Abstract

A discussion of the singularities that arise in a variational principle for the surface pressure resulting from a specified harmonic motion of an arbitrary surface leads to the observation that essentially the same formulation may be employed to study a thin disk in an annular baffle and a disk in an infinite baffle. This variational principle is implemented jointly with Hamilton’s principle for structural displacement to study the response of an axisymmetrically excited flexible disk (membrane or elastic plate) in a baffle. Surface pressure, as well as displacement, are represented in a series of assumed modal functions.
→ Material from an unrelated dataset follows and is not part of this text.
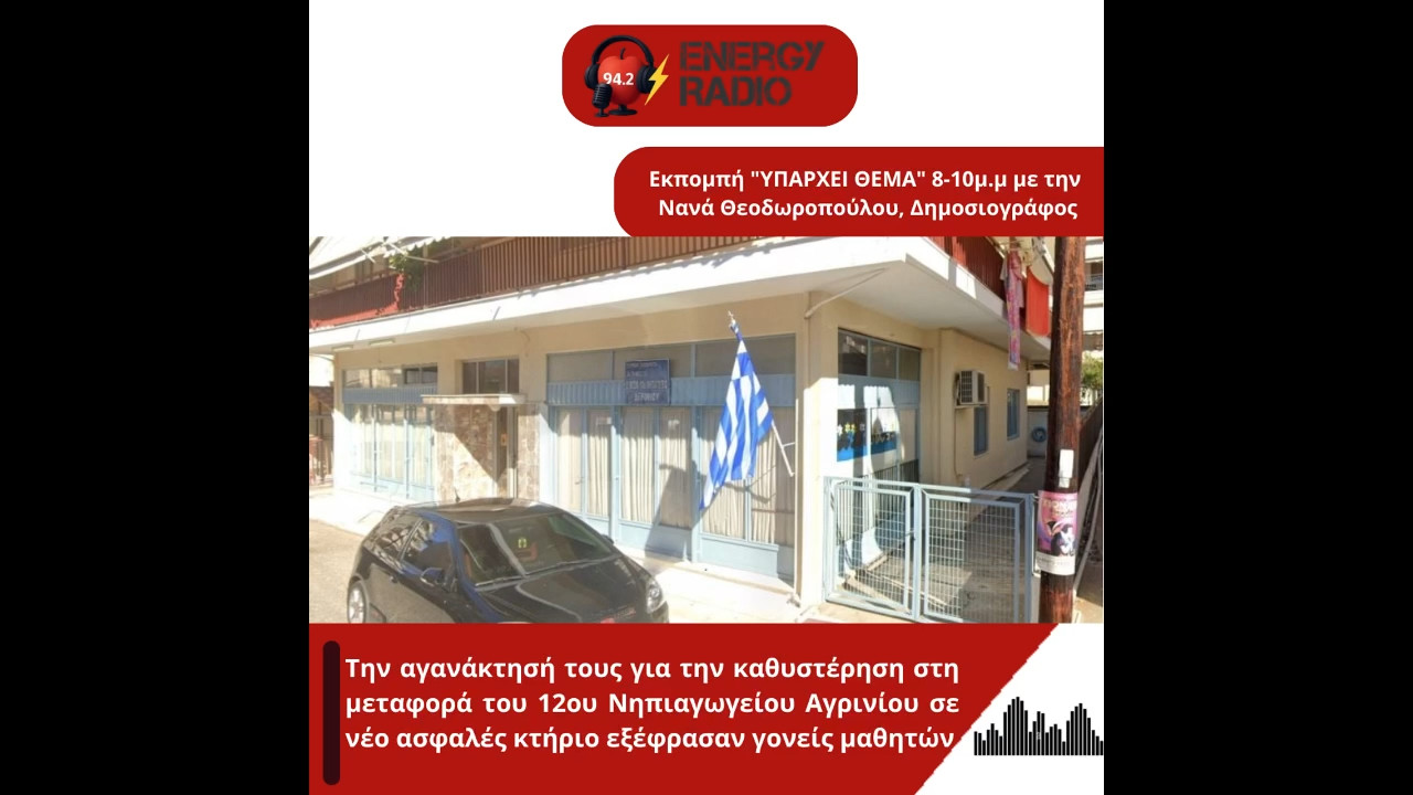 Την αγανάκτησή τους για την καθυστέρηση στη μεταφορά του 12ου Νηπιαγωγείου Αγρινίου σε νέο ασφαλές κτήριο εξέφρασαν γονείς μαθητών στην εκπομπή «ΥΠΑΡΧΕΙ ΘΕΜΑ» με την δημοσιογράφο Νανά Θεοδωροπούλου στον Energy 94.2.

The system equations reduce to a set of simultaneous equations for the complex amplitudes of the assumed modes, in which the inhomogeneous terms are the modal generalized forces, whereas the coefficients of the homogeneous terms arise from the isolated responses of the fluid and structural media, and from the fluid–structure coupling. The coefficients associated with surface pressure are obtained from numerical integrations over the surface. The technique for performing such integrations in conjunction with analytical basis functions is reviewed and extended to interpolating functions spanning segments of the surface. Results obtained for the infinite baffle case are shown to be in close agreement with an earlier analytical solution, except for differences stemming from discrepancies in the in vacuo resonant frequencies predicted by conventional and Timoshenko plate theory.